| Exercise objective |
In this exercise, return the whole listing exactly, excluding any images.

*** Collected data ***

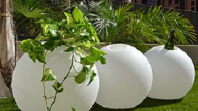 maceteros Llum por Studio VONDOM, Fiesta por Archirivolto Design y Moma por Javier Mariscal. Todas estas colecciones son de la compañía española VONDOM, transmitiendo un estilo de vida mediterráneo magnífico
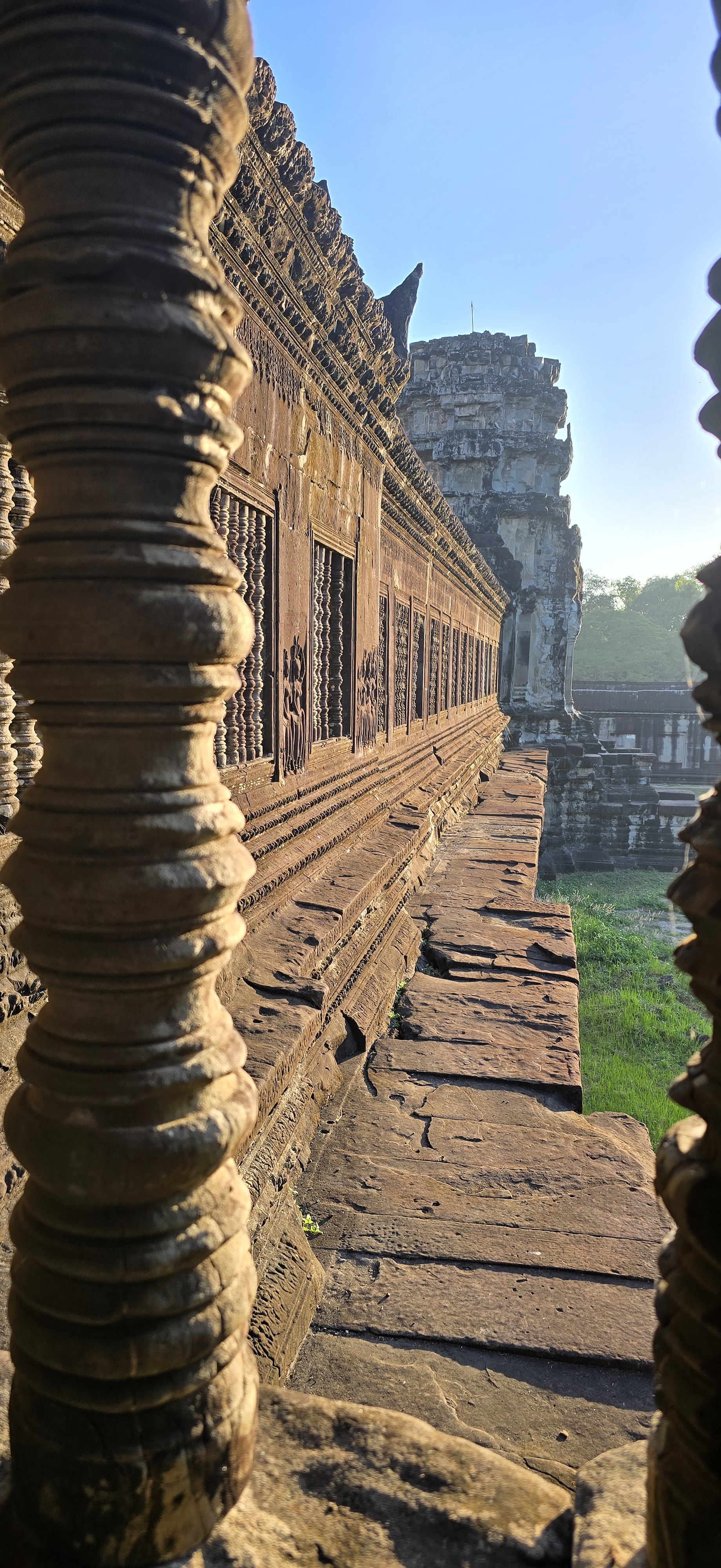 Not a cloud in the sky and an unobstrutured view of Angkor Wat from across the causeway. This doesn’t stop people from carrying high-powered flashlights as they navigate the roough stone walkways, but it can’t take away the magic of the moment.
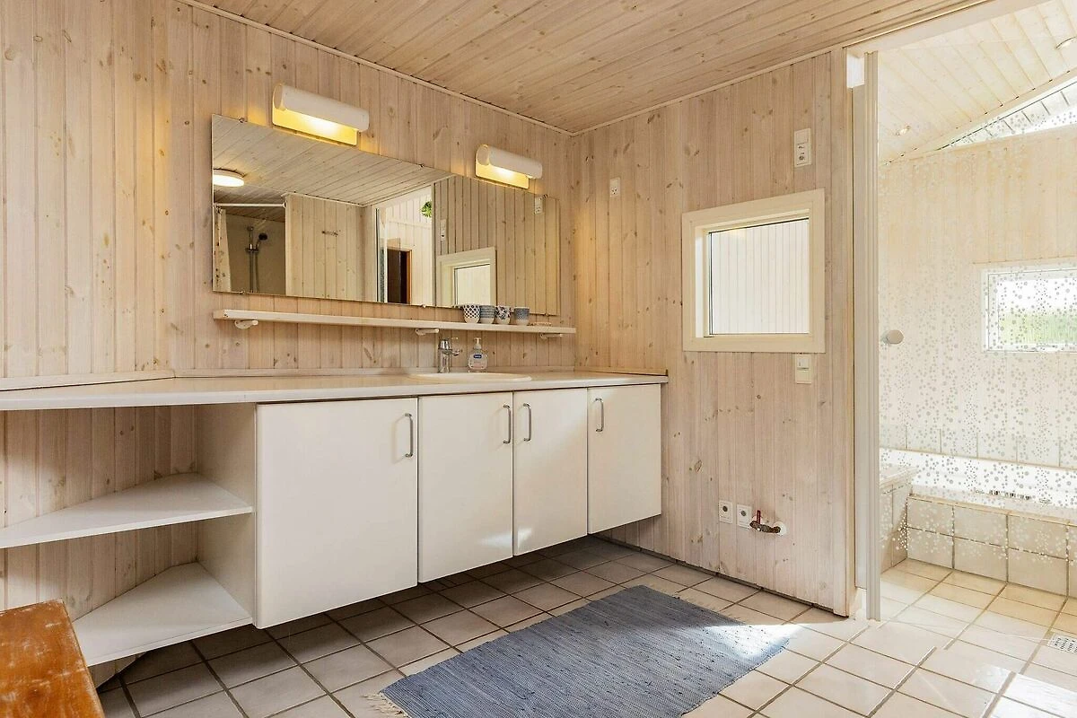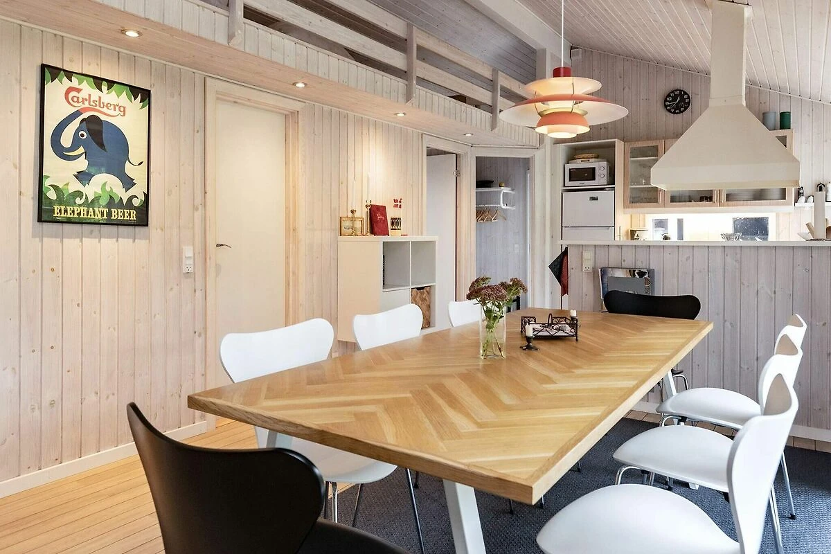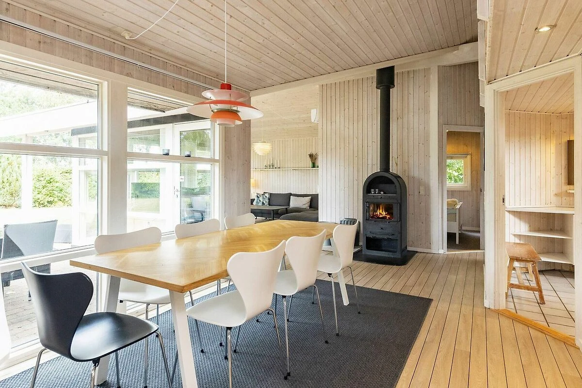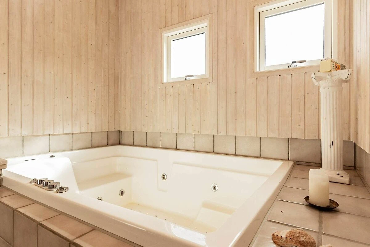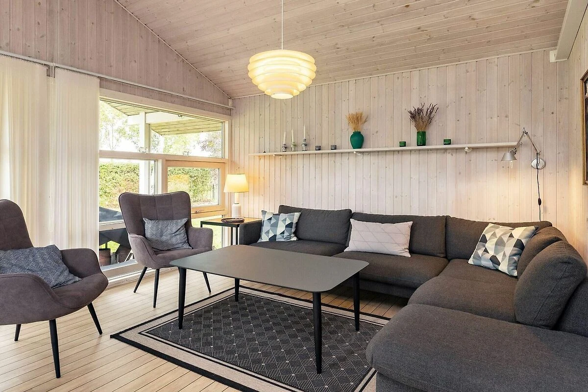 All'Hasmark Strand troverai questo cottage moderno con vasca idromassaggio e sauna. Il soggiorno ha un ambiente adibito a soggiorno / sala da pranzo con TV con lettore DVD e stufa a legna. Il reparto cucina è dotato di i.a. piano cottura, cappa aspirante, frigorifero con freezer e forno a microonde. Dal soggiorno si accede direttamente alla terrazza esposta a sud-ovest. La casa dispone di tre camere da letto arredate rispettivamente con due letti matrimoniali e due letti singoli. Inoltre, c'è un soppalco con due letti. Sul terreno indisturbato sono state allestite attrezzature da gioco per i più piccoli della famiglia. A 50 metri dalla casa c'è un'area verde con campo da calcio e bocce. ca. A 2 km dalla casa c'è un grande campeggio con negozi e ristoranti nella stagione estiva, e ci sono anche molte attività per i bambini, tra cui. un parco acquatico. Non in affitto a gruppi di giovani.

*** End of Collected data ***

| Result of the exercise |
 maceteros Llum por Studio VONDOM, Fiesta por Archirivolto Design y Moma por Javier Mariscal. Todas estas colecciones son de la compañía española VONDOM, transmitiendo un estilo de vida mediterráneo magnífico
 Not a cloud in the sky and an unobstrutured view of Angkor Wat from across the causeway. This doesn’t stop people from carrying high-powered flashlights as they navigate the roough stone walkways, but it can’t take away the magic of the moment.
 All'Hasmark Strand troverai questo cottage moderno con vasca idromassaggio e sauna. Il soggiorno ha un ambiente adibito a soggiorno / sala da pranzo con TV con lettore DVD e stufa a legna. Il reparto cucina è dotato di i.a. piano cottura, cappa aspirante, frigorifero con freezer e forno a microonde. Dal soggiorno si accede direttamente alla terrazza esposta a sud-ovest. La casa dispone di tre camere da letto arredate rispettivamente con due letti matrimoniali e due letti singoli. Inoltre, c'è un soppalco con due letti. Sul terreno indisturbato sono state allestite attrezzature da gioco per i più piccoli della famiglia. A 50 metri dalla casa c'è un'area verde con campo da calcio e bocce. ca. A 2 km dalla casa c'è un grande campeggio con negozi e ristoranti nella stagione estiva, e ci sono anche molte attività per i bambini, tra cui. un parco acquatico. Non in affitto a gruppi di giovani.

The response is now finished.